[Clipart] new site design in progress
Bryce Harrington
bryce at bryceharrington.com
Wed Sep 8 13:33:56 PDT 2004
On Wed, 8 Sep 2004, Jonadab the Unsightly One wrote:
> Alan Horkan <horkana at maths.tcd.ie> writes:
> >> The upload section is large. It seems like that is not useful for
> >> most of our audience. Maybe only one out of 100 would ever submit
> >> anything. Maybe the upload should be on a separate webpage.
> >
> > I'm in two minds on this one.
> >
> > The project is new and we want to attract as many contributions as
> > possible but at some point it makes sense to move this off the front
> > page. (I've always disliked how some Wiki sites are totally in your
> > face about editing/contributing which makes the site unpleasant to
> > just use).
>
> I agree with all of that. But I don't know how soon to pull the
> quicksubmit from the front page. Maybe when the project hits some
> important milestone? 1000 images? 5000? 10000?
Actually, I'd favor keeping it. I do understand the point of it not
being useful to a segment of the potential users, however I definitely
do not think it should be hidden.
>From a project perspective, it's important to consider who the
'customers' are. In a traditional proprietary product-oriented company,
value comes in the form of money from purchasers of the product. Thus
it's typical to think of customers == users who purchase. Thus, you
want to optimize to make it easy and worthwhile for users to purchase.
However, in open source projects, things are different. Value for the
project comes in the form of contributions from users. This could be
patches for a software project, or new clipart in our case. Thus,
customers == users who contribute, and we want to optimize to make it
easy and worthwhile for users to contribute.
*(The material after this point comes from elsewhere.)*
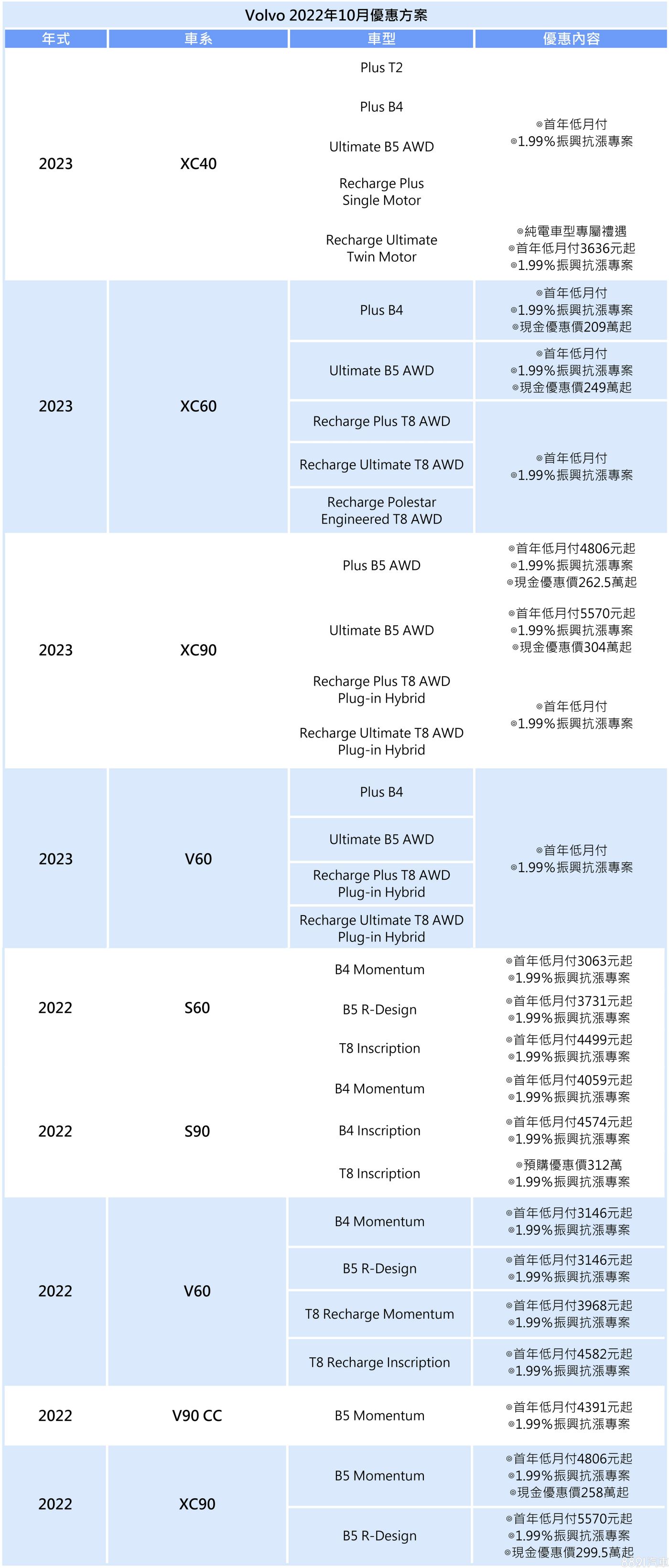Volvo本月持續針對眾多車系推出專屬優惠,可享低頭款輕鬆入主或預購優惠價等,純電車型額外享有專屬禮遇。
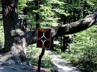 И вот она предфинишная бифуркация: "Налево пойдёшь — получишь вид на Фитц-Рой прямо над лагуной Капри, и возможность приземлиться в тамошнем кеминге. Направо пойдёшь — получишь вид на Фитц-Рой с более высокой точки, и возможность продвинуться к дальним смотровой площадке и-или кемингу." Опционы нам в тот раз были противопоказаны, и мы пошли направо, т.е. вверх, оставив себе все спуски на обратный путь.

>From this viewpoint, I would like to see the quick upload tool remain on
the front page permanently, even if it is felt to distract a little from
the browse/download links. It's worth it.
Now, certainly there's a balance - we don't get users contributing if we
don't have users in general, so we need to also make it reasonably easy
for them to download and get the art. However, I definitely think we
need to make them very aware that it is easy to submit stuff, and to
communicate that it's their duty to contribute stuff, so that the
project grows and succeeds.
This is why it is important in wiki-based projects to have the edit link
clear and visible. If it was available only through a second click,
then this severely cuts down the number of users who become contributors
- they don't even think about editing. Yes, it adds to the site's
clutter, but for the wiki to work it's critical that it be there and
easy to access. It takes very few obstacles to turn a potential new
contributor off.
> Something else we should do before we forget: dynamic pages that do
> computation-intensive or disk-intensive stuff should check the HTTP
> Referer and quickly dish out something static if it's slashdot. I
> really should make OpenClipart::Web check for this and use its static
> cached copy of shell.php under such conditions.
Yes, I notice the site can be quite slow, due either to the dynamic
nature or perhaps to the hardware, but in any case, whatever we can do
to help ease the load would be worth doing.